- [Exercise description]: Go to the line that contains "全民大扫除与植树节志愿服务活" and transcribe from there to the end of the entries, that line and the last one included.

- [Information shown]:
:::::

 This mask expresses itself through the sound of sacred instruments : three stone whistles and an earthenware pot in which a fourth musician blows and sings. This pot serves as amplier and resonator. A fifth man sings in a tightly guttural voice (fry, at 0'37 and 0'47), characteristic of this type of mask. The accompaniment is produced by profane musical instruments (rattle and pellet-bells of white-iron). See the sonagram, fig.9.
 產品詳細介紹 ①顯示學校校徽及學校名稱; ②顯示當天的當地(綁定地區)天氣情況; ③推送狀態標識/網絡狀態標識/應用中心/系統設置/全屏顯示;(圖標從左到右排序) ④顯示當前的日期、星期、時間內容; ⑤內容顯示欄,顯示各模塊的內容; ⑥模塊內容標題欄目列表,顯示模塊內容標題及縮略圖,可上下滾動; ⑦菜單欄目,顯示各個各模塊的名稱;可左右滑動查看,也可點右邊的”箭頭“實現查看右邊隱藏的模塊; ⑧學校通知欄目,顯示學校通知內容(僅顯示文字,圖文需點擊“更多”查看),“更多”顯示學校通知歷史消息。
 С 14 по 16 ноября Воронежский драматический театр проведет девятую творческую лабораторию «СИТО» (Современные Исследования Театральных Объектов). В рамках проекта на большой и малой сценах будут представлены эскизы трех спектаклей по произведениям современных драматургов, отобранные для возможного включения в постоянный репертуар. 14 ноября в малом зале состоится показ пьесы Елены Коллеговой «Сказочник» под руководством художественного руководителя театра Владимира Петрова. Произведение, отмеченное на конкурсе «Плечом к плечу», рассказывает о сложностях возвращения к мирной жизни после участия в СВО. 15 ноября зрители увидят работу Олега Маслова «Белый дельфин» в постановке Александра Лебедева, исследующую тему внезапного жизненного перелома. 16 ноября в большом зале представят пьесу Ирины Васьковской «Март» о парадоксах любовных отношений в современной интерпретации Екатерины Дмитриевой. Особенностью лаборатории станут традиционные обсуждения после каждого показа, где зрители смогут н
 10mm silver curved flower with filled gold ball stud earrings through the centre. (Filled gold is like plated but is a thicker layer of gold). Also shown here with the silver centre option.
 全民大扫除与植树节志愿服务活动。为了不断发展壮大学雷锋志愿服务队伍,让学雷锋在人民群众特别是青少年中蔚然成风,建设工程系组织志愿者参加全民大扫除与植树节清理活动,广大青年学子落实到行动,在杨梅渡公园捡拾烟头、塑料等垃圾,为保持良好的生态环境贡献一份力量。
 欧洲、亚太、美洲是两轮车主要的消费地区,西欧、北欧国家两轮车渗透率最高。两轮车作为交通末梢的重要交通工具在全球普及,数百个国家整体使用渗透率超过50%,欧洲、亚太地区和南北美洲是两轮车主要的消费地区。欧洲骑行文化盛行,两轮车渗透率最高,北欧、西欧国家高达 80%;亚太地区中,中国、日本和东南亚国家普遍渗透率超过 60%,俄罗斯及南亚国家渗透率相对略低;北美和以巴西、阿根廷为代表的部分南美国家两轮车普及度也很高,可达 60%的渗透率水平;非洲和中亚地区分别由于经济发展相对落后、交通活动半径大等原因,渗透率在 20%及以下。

:::::

- [Answer section]:
 全民大扫除与植树节志愿服务活动。为了不断发展壮大学雷锋志愿服务队伍,让学雷锋在人民群众特别是青少年中蔚然成风,建设工程系组织志愿者参加全民大扫除与植树节清理活动,广大青年学子落实到行动,在杨梅渡公园捡拾烟头、塑料等垃圾,为保持良好的生态环境贡献一份力量。
 欧洲、亚太、美洲是两轮车主要的消费地区,西欧、北欧国家两轮车渗透率最高。两轮车作为交通末梢的重要交通工具在全球普及,数百个国家整体使用渗透率超过50%,欧洲、亚太地区和南北美洲是两轮车主要的消费地区。欧洲骑行文化盛行,两轮车渗透率最高,北欧、西欧国家高达 80%;亚太地区中,中国、日本和东南亚国家普遍渗透率超过 60%,俄罗斯及南亚国家渗透率相对略低;北美和以巴西、阿根廷为代表的部分南美国家两轮车普及度也很高,可达 60%的渗透率水平;非洲和中亚地区分别由于经济发展相对落后、交通活动半径大等原因,渗透率在 20%及以下。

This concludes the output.